# Regarding German Magnetic Mines



## Zipper730 (Oct 20, 2017)

I saw an interesting article on YouTube


_View: https://www.youtube.com/watch?v=Eht0sGmiyBM_


I'm curious if this guy was actually right, that this mine had that significant a role in the war? If so, there any other cases the Luftwaffe dropped one of these babies on land?


----------



## wuzak (Oct 20, 2017)

_View: https://www.youtube.com/watch?v=yMIXL1Mxkp0_

Reactions: Bacon Bacon:
1 | Like List reactions


----------



## Zipper730 (Oct 20, 2017)

wuzak,

1. Were there any other cases where mines would/could have been picked up?

2. Would you say that idea of coiling cables around the ship would have been eventually implemented had the mine not been recovered (On one hand there weren't many scientists working on the matter, but that had more to do with running cables through pipes or the port-based degaussing system)


----------



## swampyankee (Oct 20, 2017)

Yes, German mines had a significant effect on WW2. US Mines had a similar significant effect in the Pacific and British mines in the waters around Europe.

Sea mines are incredibly cost-effective weapons.

Reactions: Like Like:
1 | Like List reactions


----------



## wuzak (Oct 20, 2017)

Zipper730 said:


> wuzak,
> 
> 1. Were there any other cases where mines would/could have been picked up?
> 
> 2. Would you say that idea of coiling cables around the ship would have been eventually implemented had the mine not been recovered (On one hand there weren't many scientists working on the matter, but that had more to do with running cables through pipes or the port-based degaussing system)



1. I do not know

2. This only would have occurred if they figured it was a magnetic mine. And by studying it they were able to determine the sensitivity, which enabled them to make countermeasures.

Reactions: Like Like:
1 | Like List reactions


----------



## wuzak (Oct 20, 2017)

swampyankee said:


> Yes, German mines had a significant effect on WW2. US Mines had a similar significant effect in the Pacific and British mines in the waters around Europe.
> 
> Sea mines are incredibly cost-effective weapons.



Britain also mined the inland waterways of Germany, which were used in freight transport.

Reactions: Like Like:
1 | Like List reactions


----------



## Micdrow (Oct 21, 2017)

Zipper you may also find this interesting, It's a pdf manual on German under water mines.

All the best
Paul


----------



## swampyankee (Oct 21, 2017)

wuzak said:


> 1. I do not know
> 
> 2. This only would have occurred if they figured it was a magnetic mine.
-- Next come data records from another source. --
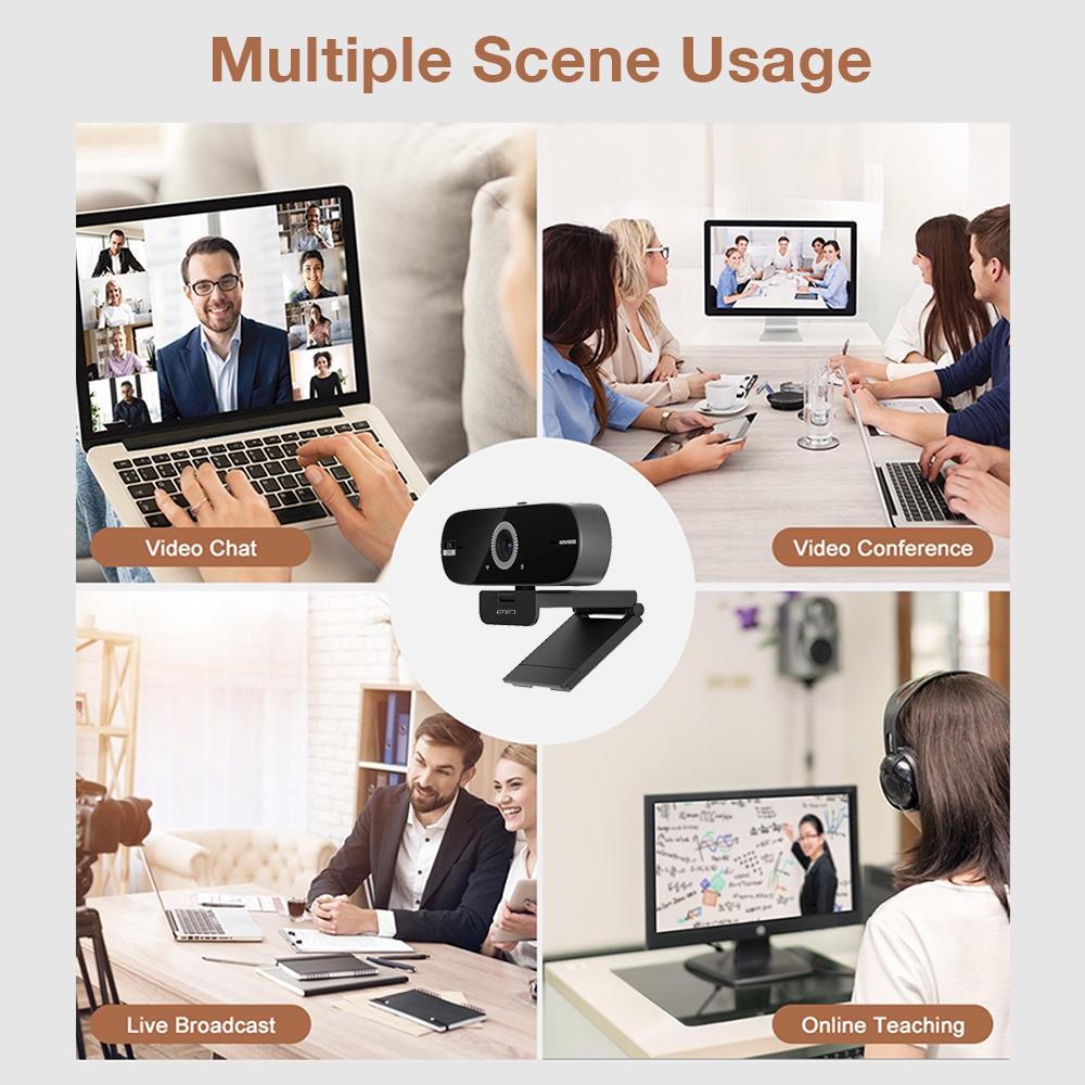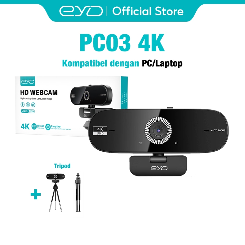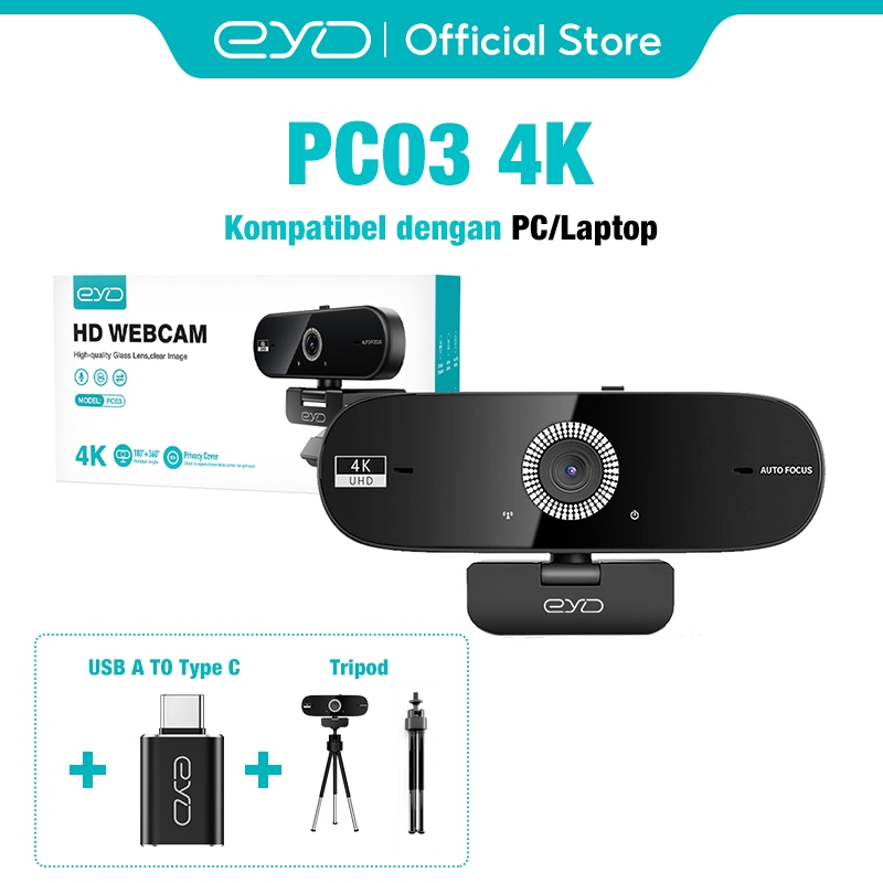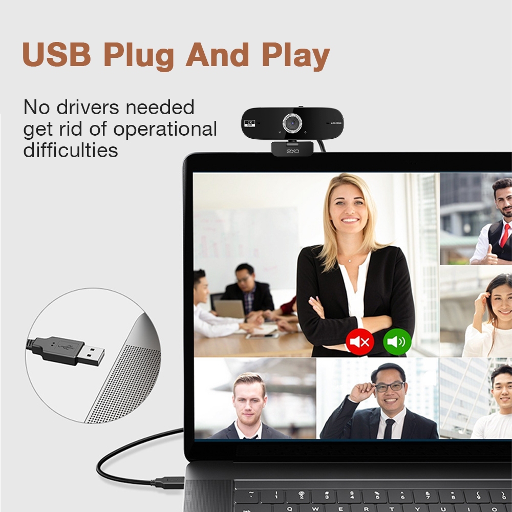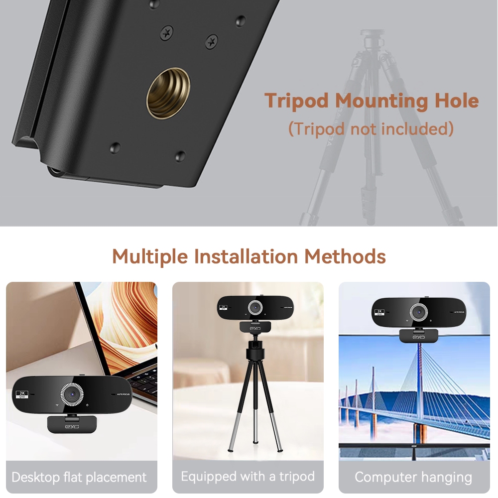 EYD เว็บแคมถ่ายทอดสด Full HD 2K โฟกัสอัตโนมัติรวดเร็ว 5MP ไมโครโฟนตัดเสียงรบกวนในตัว เว็บแคม USB แบบเสียบและใช้ง PC02
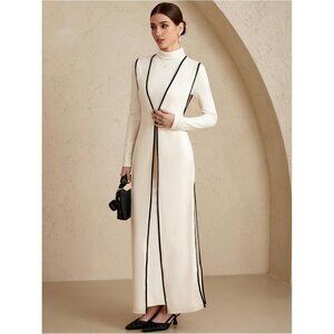 Features: This chic set includes a ribbed knit maxi turtleneck dress with contrast trim, long sleeves, and a bodycon fit, plus a sleeveless V-neck side slit vest. Made of soft, skin-friendly fabric with slight stretch for all-day comfort. Perfect for dressing up or down.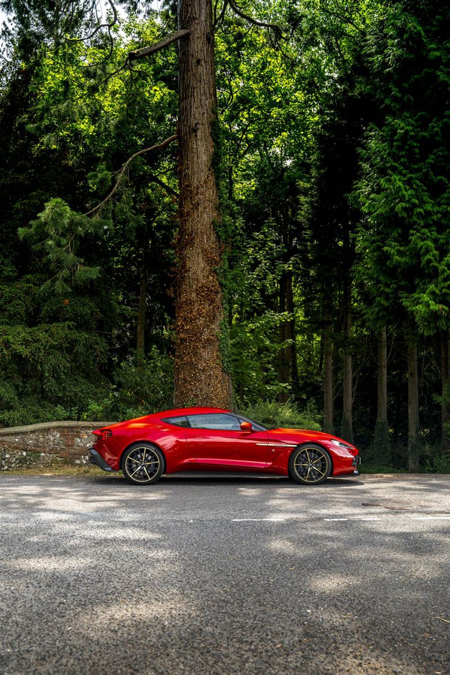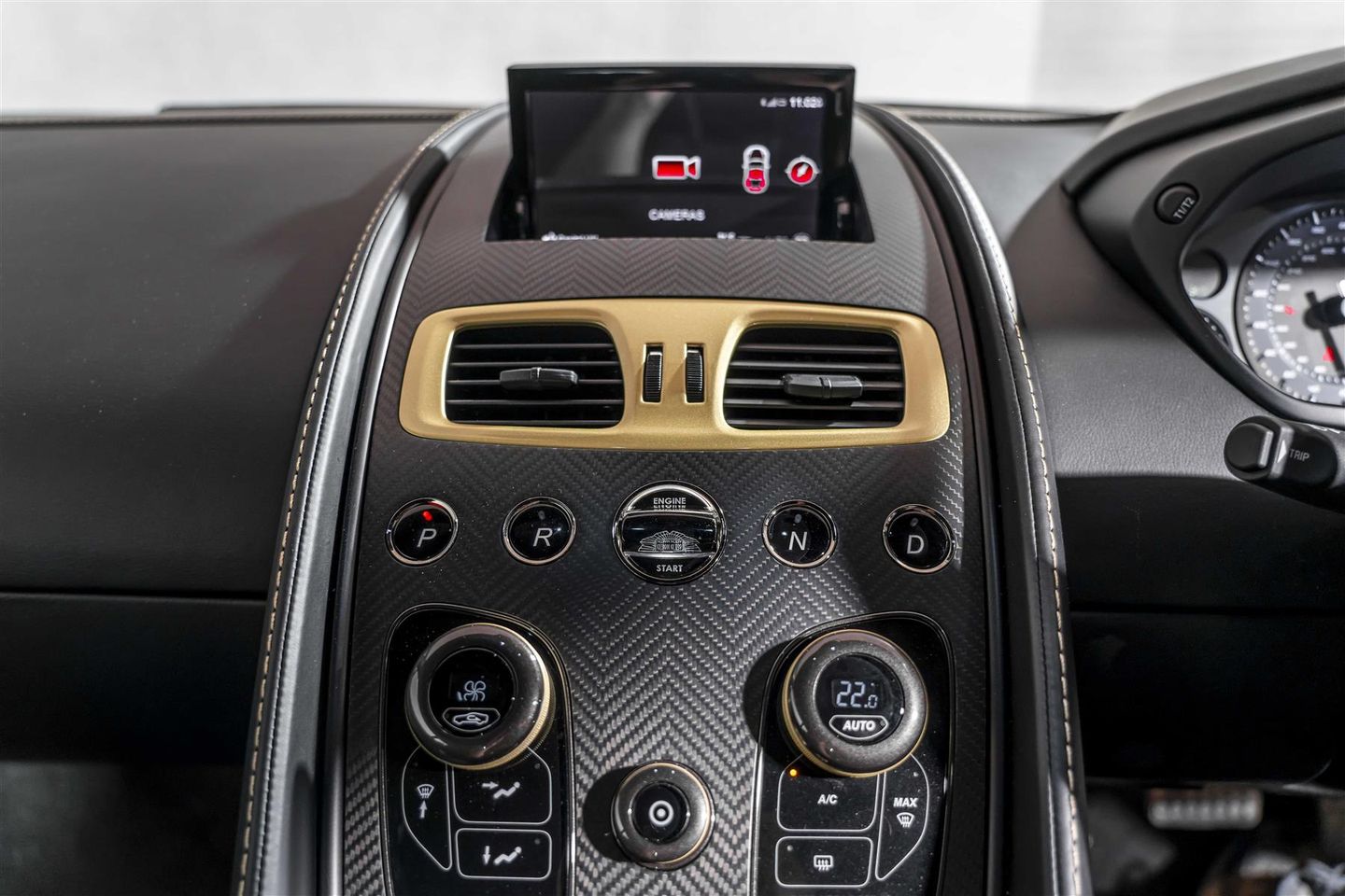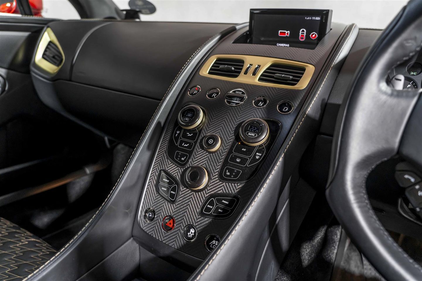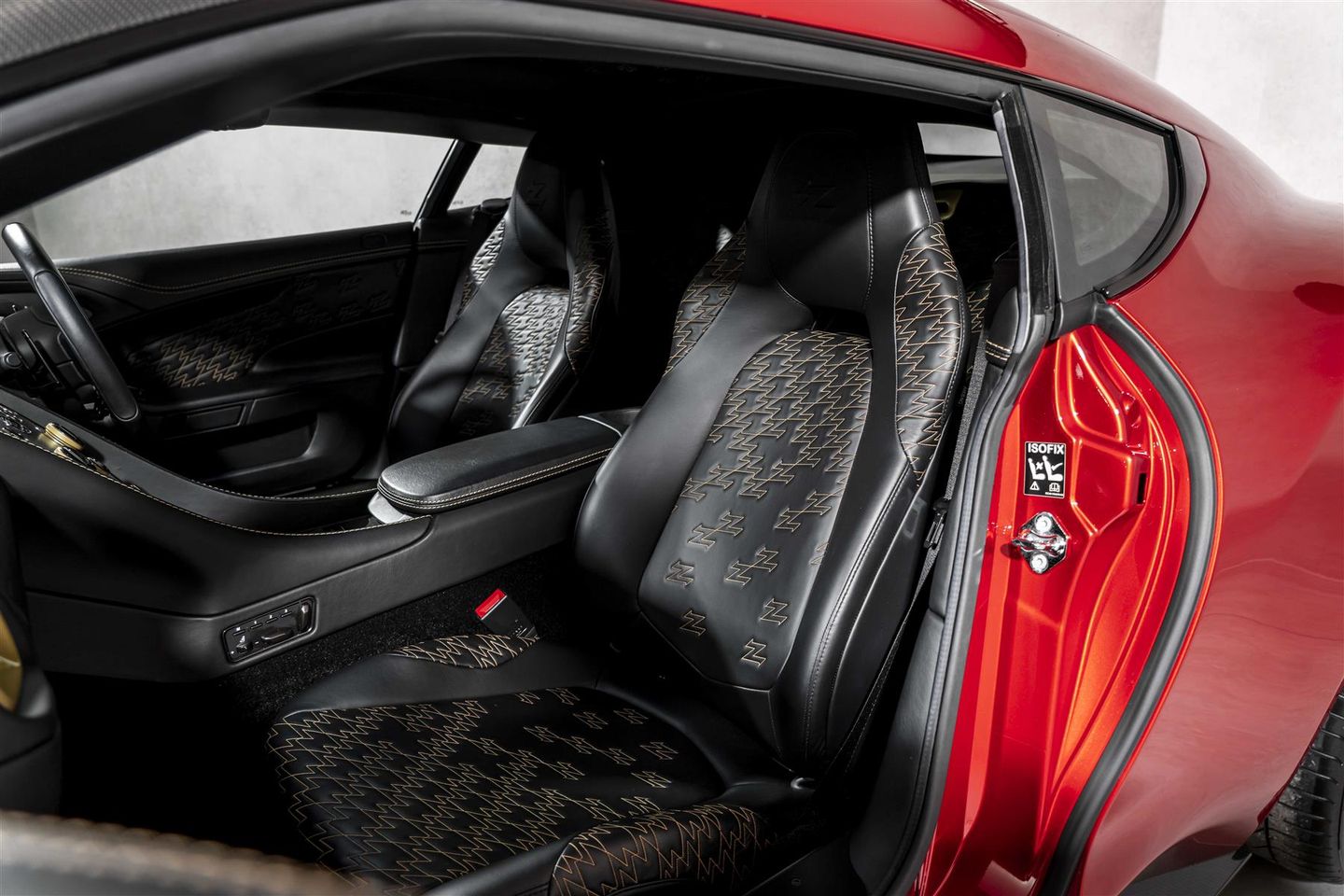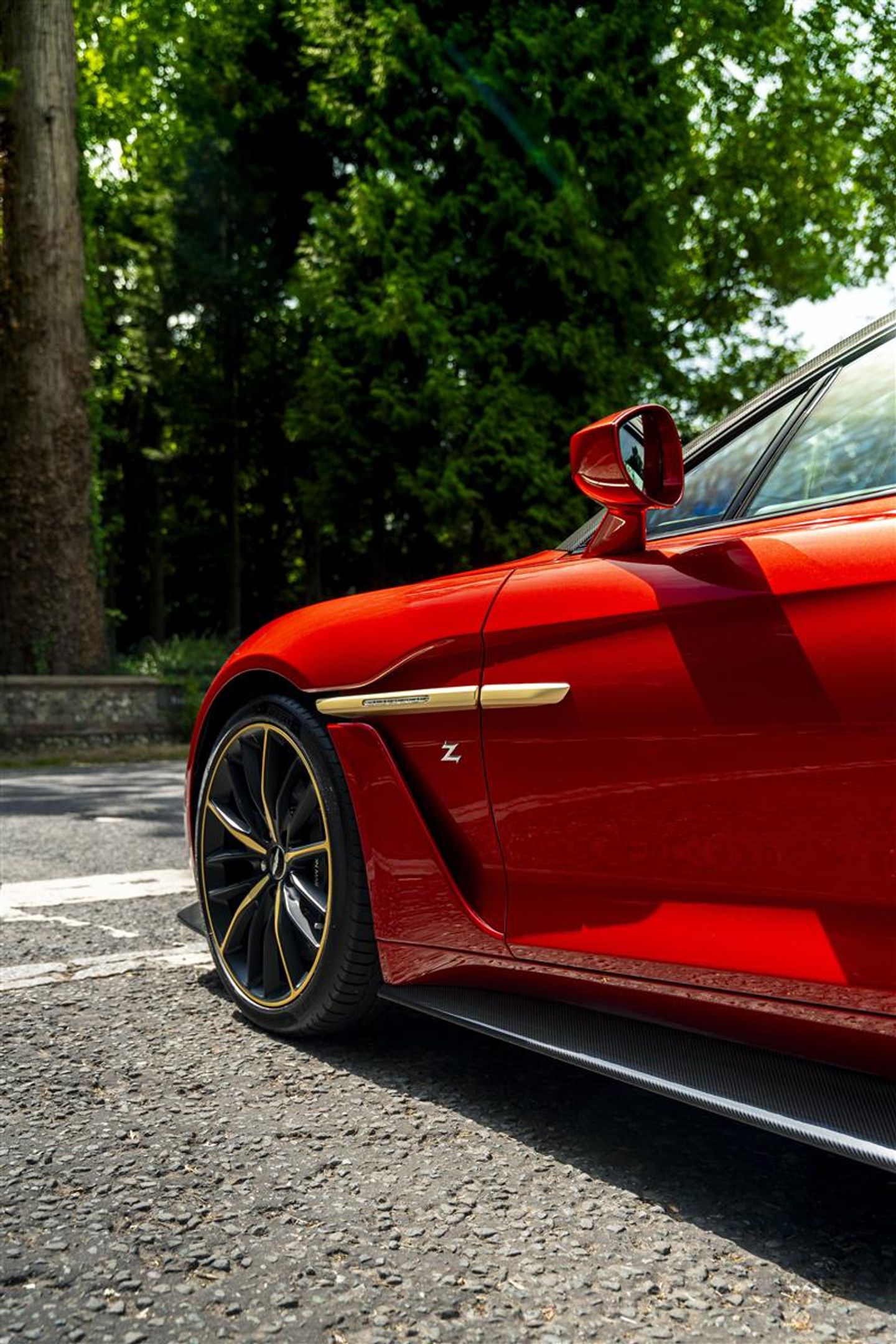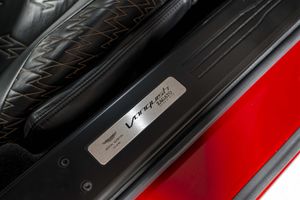 A key highlight for this example is the optional and highly sought after “Villa D’Este package” totalling £16,000 from the factory - the nomenclature a nod to the original specification that wowed onlookers at the Zagato’s reveal at Lake Como. The Villa D'Este pack consists of a Gold finish to the following items: Exterior badges, wheel spokes, exterior side strakes, interior switch gear and dashboard vents and engine plaque signed by Zagato engineers. This package also sees the interior finished in black leather complimented with gold stitch to match the Villa D'Este accents. This is the only example worldwide with this incredibly desirable colour combination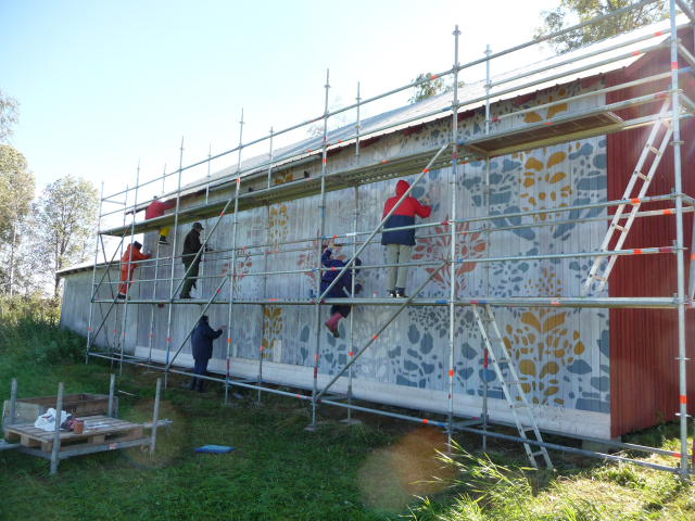 Hur? Under cirka två månaders tid augusti-september 2012 utfördes de praktiska arbetet. Ett tjugotal personer var involverade. Det innefattade: lagning av trasiga delar av vägg, borttagning av gammal slamfärg från väggarna, in oljning av vägg, grundmålning, uppmätning/ uppsättning av rutsystem, överförning av mönster från skiss till vägg, färgläggning i två omgångar samt ett sista lager med de svarta prickarna och uppsättning av belysning.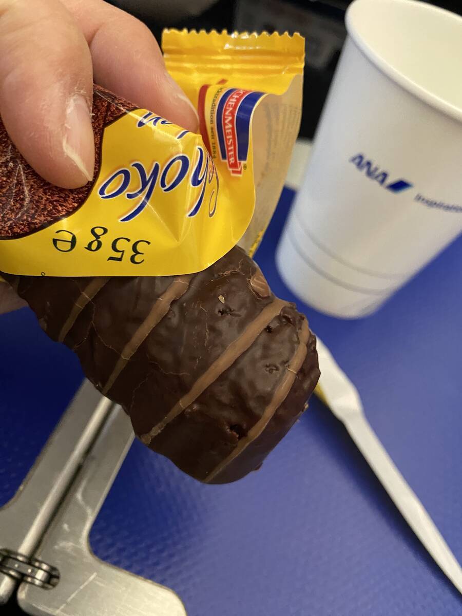 離陸後、間もなくするとドリンクとともにANAの定番スナック、おかきが配られました。

And by studying it they were able to determine the sensitivity, which enabled them to make countermeasures.



The RN also developed magnetic mines, independently of Germany. Not being idiots, and not thinking the Germans to be such, they probably started developing countermeasures in the event magnetic mines were developed by somebody else.


----------



## pbehn (Oct 21, 2017)

swampyankee said:


> The RN also developed magnetic mines, independently of Germany. Not being idiots, and not thinking the Germans to be such, they probably started developing countermeasures in the event magnetic mines were developed by somebody else.


De magnetising a ship was called de Gaussing which sort of reinforces your point.


----------



## Barrett (Oct 26, 2017)

Reminds me: One of my Euro naval contacts is huge on U-boats and knows just about everything about 'em. Years ago he mentioned that some of the Kriegsmarine ordies who developed faulty magnetic detonators went to prison. I had to admit that the Bureau of Ordnance types who developed (and prohibited adequate testing) of ours...made admiral. In fact, the BuOrd chief at the time became Fleet Admiral Leahy, FDR's briefcase carrier. (Evidently he got the 5th star so the Brit field marshals would return his calls.) Far as I know, the major torpedo improvements & concepts during the war came from industry, not the navy.


----------



## yosimitesam (Oct 28, 2017)

The best book I've read on mines, mining, and minesweeping in WW2 is: "Allied Minesweeping in World War 2" by Peter Elliot (1979). It's mostly about naval mine sweeping (obviously) but has a huge amount of information on aerial mining and mine types. e.g. acoustic, magnetic and the unsweepable pressure ("oyster") mines.


----------